Vida Miknevičiūtė, Elsa, ist, gemeinsam mit Adam Kutny, Heerrufer, die letzte Verbliebene der Premierenbesetzung. Wann immer ich sie in den letzten zwei Jahren gesehen habe (Elsa, Chrysothemis, Jenufa, Sieglinde, Salome, Marietta), war sie großartig! So auch gestern - packend dramatisch gibt sie die Elsa, sicher in der Wahl ihrer künstlerischen Mittel. Und auch die Innigkeit und Verletzlichkeit des Mädchens macht sie glaubwürdig. Daß sie zum Schluß aller Widersacher triumphiert, Horn und Schwert in die Höhe reckend an der Rampe steht, ist ein passendes Bild!
In dieser Inszenierung kommt dem Heerrufer eine wichtige Rolle zu: Als Conferencier treibt er die Handlung durch die ersten beiden Akte. Kutny singt mit ziemlich großem Vibrato, aber auch sehr laut. Mit seinem giftigen Spiel, seiner Präsenz, seiner Körperbeherrschung gab er ein beeindruckendes Rollenporträt.
Wolfgang Koch sang Friedrich von Telramund und gab einen öligen Ehrgeizling, der das Publikum in der Lohengrin Reality-Show richtig aufreizen will. Ich habe ihn schon in Hamburg und an der Deutschen Oper Berlin in der Partie erlebt, und gestern Abend hat er mir erneut sehr gut gefallen. Marina Prudenskaya, Ortrud, geht im dritten Akt etwas die Kraft aus, als sie die Flucht Lohengrins furios feiern müßte, aber der nächtlichen Szenerie des zweiten Akts hat sie überzeugend agiert.
Günther Groissböck, der in der Holten-Inszenierung an der Deutschen Oper oft als König Heinrich besetzt war und mir dort immer sehr gefallen hat, steht in der Staatsoper etwas am Rand, weil der Heerrufer die Fäden in der Hand hat. René Pape hat Heinrich bei der Premiere als Trinker gegeben, der auf das Nachlassen des Schmerzes, den die ganze Affäre Brabant ihm bereitet, wartet. Groissböck läßt den König von der Hemikranie geplagt sein, obwohl doch kein Rosenöl in der Luft liegt.

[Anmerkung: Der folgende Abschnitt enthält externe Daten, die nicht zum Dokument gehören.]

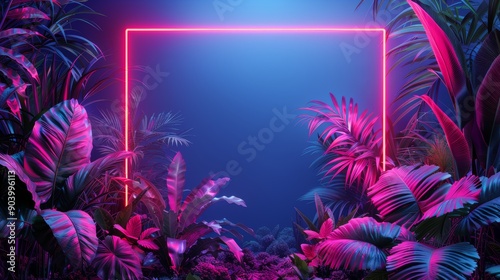 A vibrant neon frame surrounds a tropical paradise, with lush plants and neon accents creating a surreal and exotic atmosphere.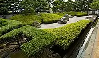 Located next to the main hall, the rock garden consists of white raked gravel, some rhododendrons and eight rocks. Each rock represents a saint or a god. The group of three to the left, surrounded by plants, represent the Amida trinity, with Amida Amida Nyorai at the center, Seishi to the left and goddess Kannon to the right.[1]

Gestern war sicher nicht sein stärkster Abend, aber er war ein solider König.
Die Staatskapelle Berlin unter Alexander Soddy bekam viel Beifall. Das Vorspiel klingt sehr sanft an und war mit großer Ruhe geleitet. Soddy dirigiert sängerfreundlich, so, wie es an der Staatsoper nach meinem Eindruck Standard ist.

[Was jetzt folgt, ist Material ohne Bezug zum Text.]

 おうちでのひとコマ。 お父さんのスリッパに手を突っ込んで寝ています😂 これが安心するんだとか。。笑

Obwohl ich mir mit gesenktem Kopf konsequent alle Videosequenzen geschenkt habe, geht Bieitos Ansatz, die Oper als Drama der Kinderlosigkeit, deren Leiden durch gesellschaftlichen Exhibitionismus nicht zu kurieren sind, in den ersten beiden Akten auf. Im dritten quillt Wagners Drama durch alle Lücken, Risse, Poren, Spalten von Bieitos Konzept, das dem Lohengrin nur teilweise gerecht werden kann.